### Your task
The listing is to be returned word for word, without its images.

### Collected material

[Start of Attachment]

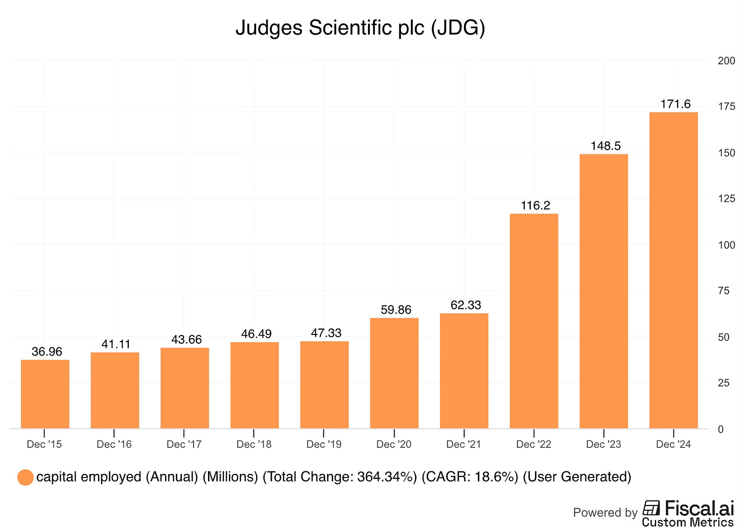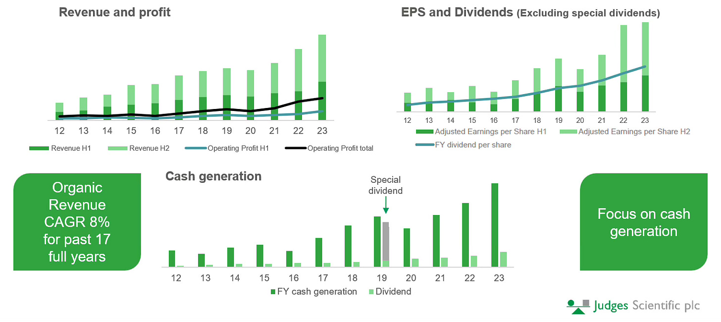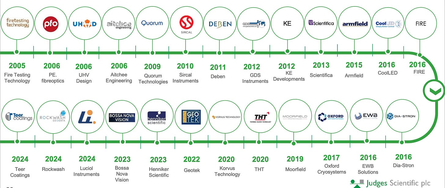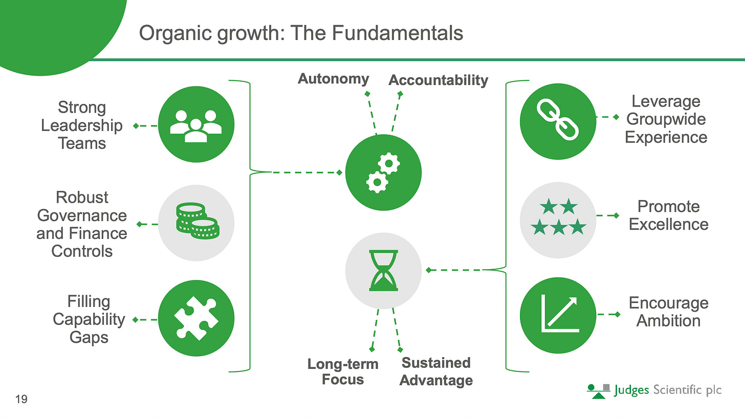 Secular growth tailwinds: Scientific manufacturers have benefited from secular growth trends, such as Worldwide growth in University education and Industrial optimisation, leading to an organic growth rate of 7% annually (8% for Judges). This organic growth reduces the pressure on management to make acquisitions to drive growth, allowing them to be disciplined, increasing the probability of successful deals.
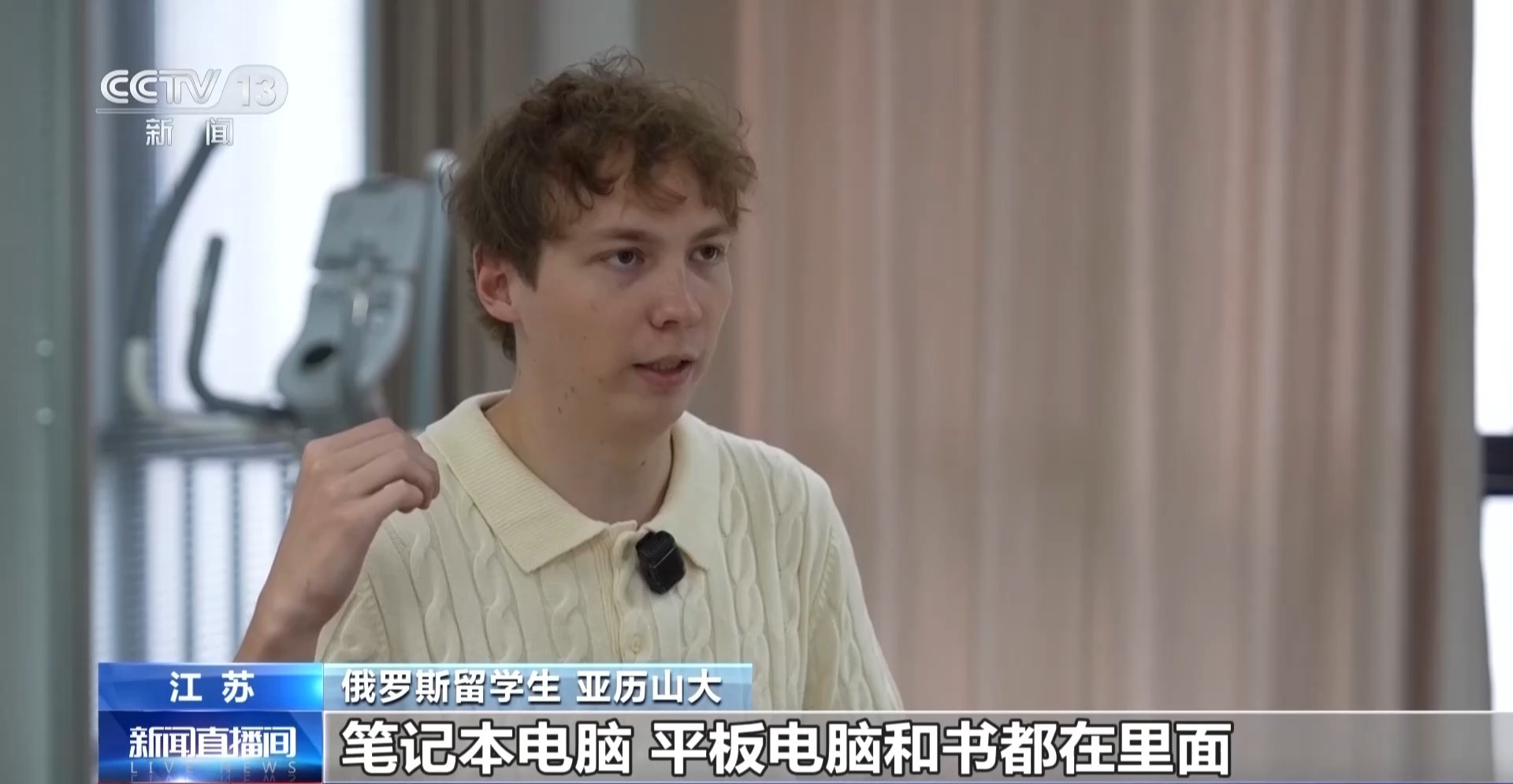 俄罗斯留学生 亚历山大:两年前我丢了背包,三天后朋友在原处找到,笔记本电脑、平板电脑和书都在里面。
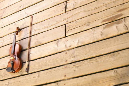 Violin on wooden background
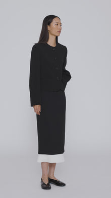 STEEL to krótka marynarka o minimalistycznym fasonie, uszyta z gładkiej tkaniny o zwartej strukturze. Okrągły dekolt bez klap nadaje jej nowoczesny charakter, a pionowe cięcia podkreślają czystą linię projektu. Model zapinany jest na cztery guziki, z dwiema kieszeniami z wypustką. Dzięki prostemu krojowi marynarka sprawdzi się zarówno w komplecie ze spódnicą, jak i w codziennych zestawach z denimem czy szerokimi spodniami.

[End of Attachment]

### Solution to the exercise
 Secular growth tailwinds: Scientific manufacturers have benefited from secular growth trends, such as Worldwide growth in University education and Industrial optimisation, leading to an organic growth rate of 7% annually (8% for Judges). This organic growth reduces the pressure on management to make acquisitions to drive growth, allowing them to be disciplined, increasing the probability of successful deals.
 俄罗斯留学生 亚历山大:两年前我丢了背包,三天后朋友在原处找到,笔记本电脑、平板电脑和书都在里面。
 Violin on wooden background
 STEEL to krótka marynarka o minimalistycznym fasonie, uszyta z gładkiej tkaniny o zwartej strukturze. Okrągły dekolt bez klap nadaje jej nowoczesny charakter, a pionowe cięcia podkreślają czystą linię projektu. Model zapinany jest na cztery guziki, z dwiema kieszeniami z wypustką. Dzięki prostemu krojowi marynarka sprawdzi się zarówno w komplecie ze spódnicą, jak i w codziennych zestawach z denimem czy szerokimi spodniami.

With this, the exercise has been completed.